What I’d love to see would be departments like my department of biology hiring a handful of dedicated people for statistics support for all the researchers that work there. Just as you can pop in to see the people at IT support for help with your computer, you ought to be able to fire off a quick email to the stats office for advice on the analysis of your data. We don’t expect researchers to be self-sufficient when it comes to IT problems. Perhaps we should recognise that a thorough understanding of statistics is also a specialist expertise in its own right, and not one that we need every individual researcher to possess. This would be an ideal job for the large number of smart people with a broad interest in science but little interest in advancing in a particular niche, for whom there’s currently not much place in academia.
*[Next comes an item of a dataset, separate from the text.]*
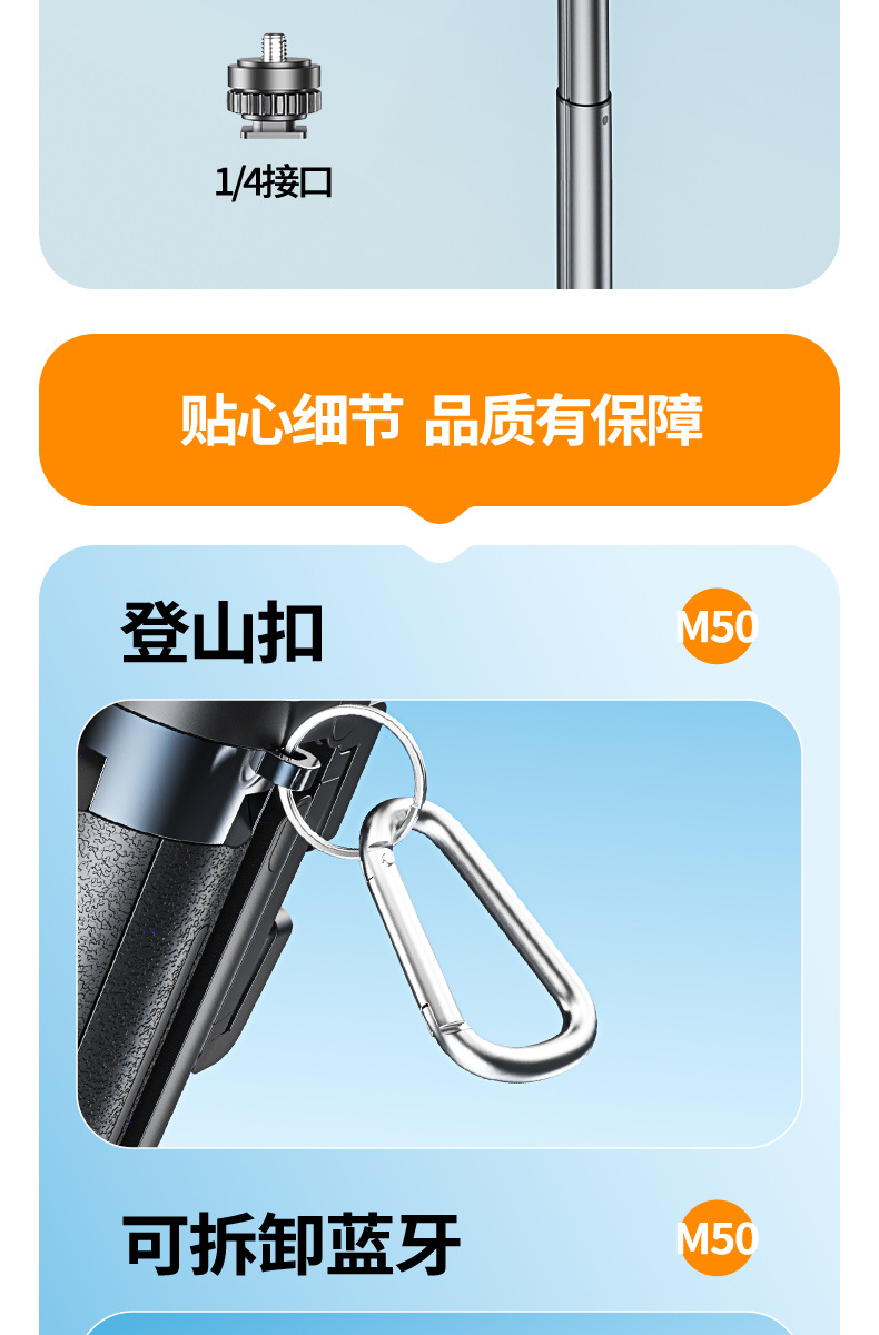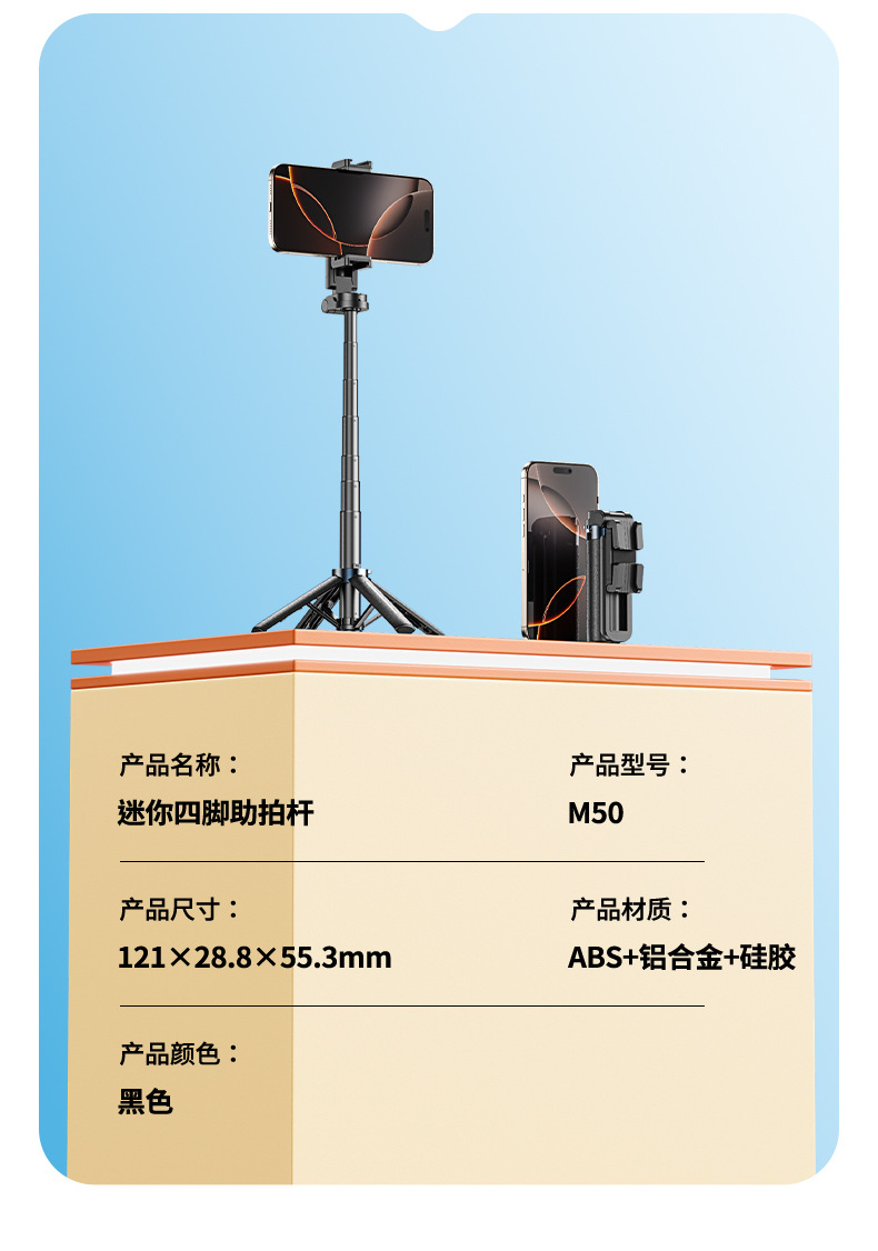 M50 휴대용 미니 다기능 셀카봉 텔레스코픽 4각대 여행용 미니 사진 유물 MINI 셀카봉

More importantly, it would be an efficient way to distribute people who have good quantitative skills, potentially dramatically improving the quality of all the research produced across a department.
The statistics gap is probably a function of science that’s moved on faster than some of its institutions, including, perhaps, the way it’s taught. The amount of data we are able to collect nowadays is enormous. The methods available to analyse it are dazzling. The rate at which new developments are published by researchers around the world is galloping. And into this increasingly quantitatively sophisticated world, students are sent unprepared, with the vague expectation that they’ll somehow just pick it up off people who are oftentimes also just winging it. This is something that’s quite likely holding back the quality of research we produce – but to close the gap wouldn’t require any great leaps forward in technology, or huge investments of money. All we need to do is take the knowledge we already have, and spread it more effectively.